Sumário: I – O artº 1887º-A, do C. Civ. deve ser interpretado numa perspectiva restritiva, em que se concebe a sua aplicação às situações em que há uma patente atitude de inviabilização do convívio entre irmãos ou entre avós e netos .

II – A Constituição e a lei ordinária, no que concerne aos aspectos ligados à regulação do exercício do poder paternal em geral e à educação em particular, dão uma manifesta primazia às relações entre pais e filhos, só admitindo a intervenção de terceiros, mesmo familiares, em sua substituição e em situações de patente incapacidade dos progenitores para tais funções.

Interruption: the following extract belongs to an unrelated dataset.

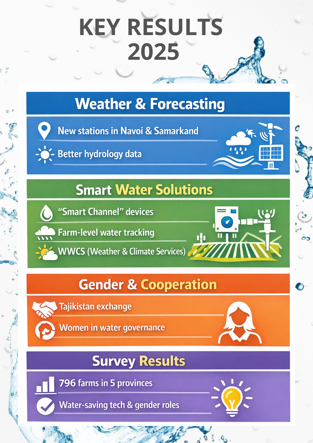 - Hydrometeorological modernization: installation of new weather stations in Navoi and Samarkand regions and integration of data into the national hydrometeorological network; enhancement of hydrological forecasting tools.
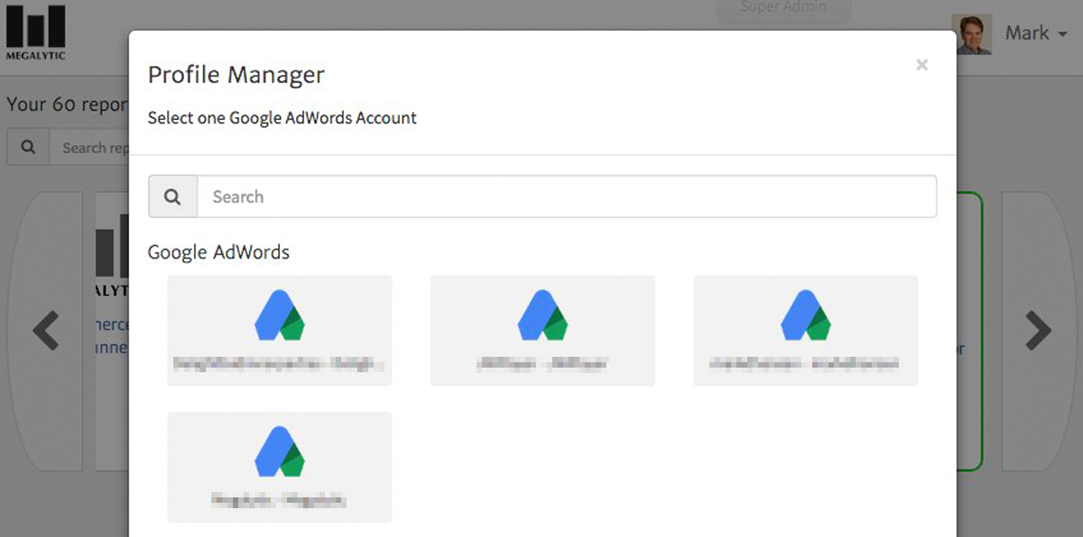 After you select the template, the next step is to choose the Google Ads account for generating the report. Megalytic will show you all the Google Ads accounts you have connected. Pick one, and the template will be populated with data from that account to create the report.

III – O art.º 1887º-A do C. Civ. representa a necessidade de salvaguarda de relações familiares não estritamente nucleares que poderiam perder-se caso os pais entendessem que os seus filhos não deveriam conviver com os seus irmãos ou avós, isto é, actualmente esse convívio deverá existir, só podendo ser negado caso se verifique uma situação que o justifique .

IV- Cabe no âmbito do poder-dever de educação dos filhos, pertencente aos pais, a gestão do convívio entre irmãos ou entre avós e netos, a qual deve ser pautada por princípios de racionalidade e de equilíbrio, visando-se a salvaguarda dos superiores interesses dos menores .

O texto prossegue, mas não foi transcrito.